### Directions for this task
Lines from the one containing "Esta línea registra" through the final line of the data, restated word for word and free of pictures, make up the whole answer.

### Data shown
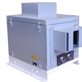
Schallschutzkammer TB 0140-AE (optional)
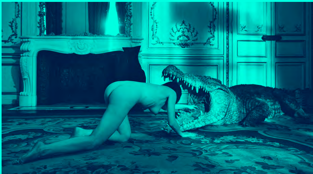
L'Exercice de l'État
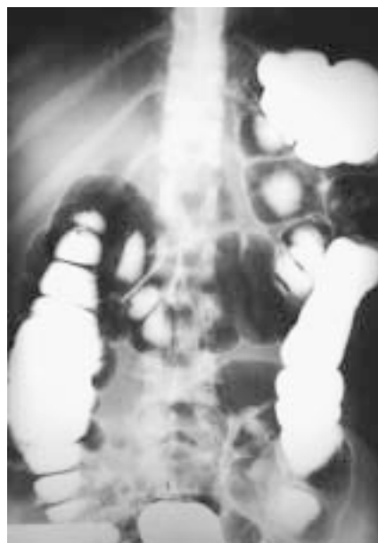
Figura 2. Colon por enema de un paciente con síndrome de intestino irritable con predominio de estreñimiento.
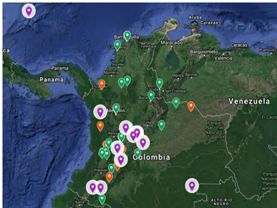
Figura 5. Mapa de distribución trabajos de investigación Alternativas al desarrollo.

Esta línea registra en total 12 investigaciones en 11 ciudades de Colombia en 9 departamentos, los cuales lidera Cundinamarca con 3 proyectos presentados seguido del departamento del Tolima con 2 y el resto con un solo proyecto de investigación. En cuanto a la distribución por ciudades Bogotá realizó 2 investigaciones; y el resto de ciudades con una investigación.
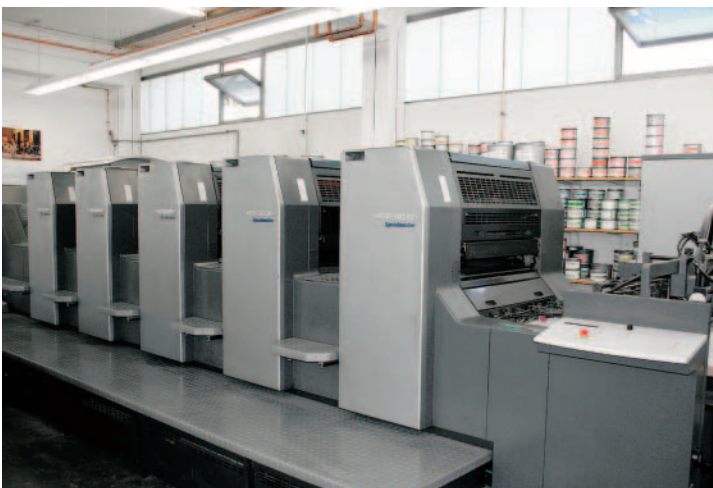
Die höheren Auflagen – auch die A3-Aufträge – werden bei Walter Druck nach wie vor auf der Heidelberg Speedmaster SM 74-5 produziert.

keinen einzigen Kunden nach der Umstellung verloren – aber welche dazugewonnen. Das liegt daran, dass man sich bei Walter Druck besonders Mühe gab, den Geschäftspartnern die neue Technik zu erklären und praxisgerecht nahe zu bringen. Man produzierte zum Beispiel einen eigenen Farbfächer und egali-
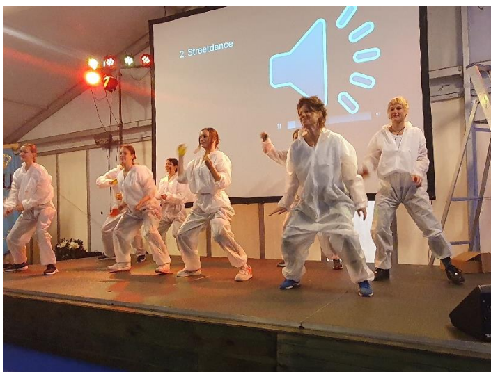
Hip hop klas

### Written reply
Esta línea registra en total 12 investigaciones en 11 ciudades de Colombia en 9 departamentos, los cuales lidera Cundinamarca con 3 proyectos presentados seguido del departamento del Tolima con 2 y el resto con un solo proyecto de investigación. En cuanto a la distribución por ciudades Bogotá realizó 2 investigaciones; y el resto de ciudades con una investigación.
Die höheren Auflagen – auch die A3-Aufträge – werden bei Walter Druck nach wie vor auf der Heidelberg Speedmaster SM 74-5 produziert.

keinen einzigen Kunden nach der Umstellung verloren – aber welche dazugewonnen. Das liegt daran, dass man sich bei Walter Druck besonders Mühe gab, den Geschäftspartnern die neue Technik zu erklären und praxisgerecht nahe zu bringen. Man produzierte zum Beispiel einen eigenen Farbfächer und egali-
Hip hop klas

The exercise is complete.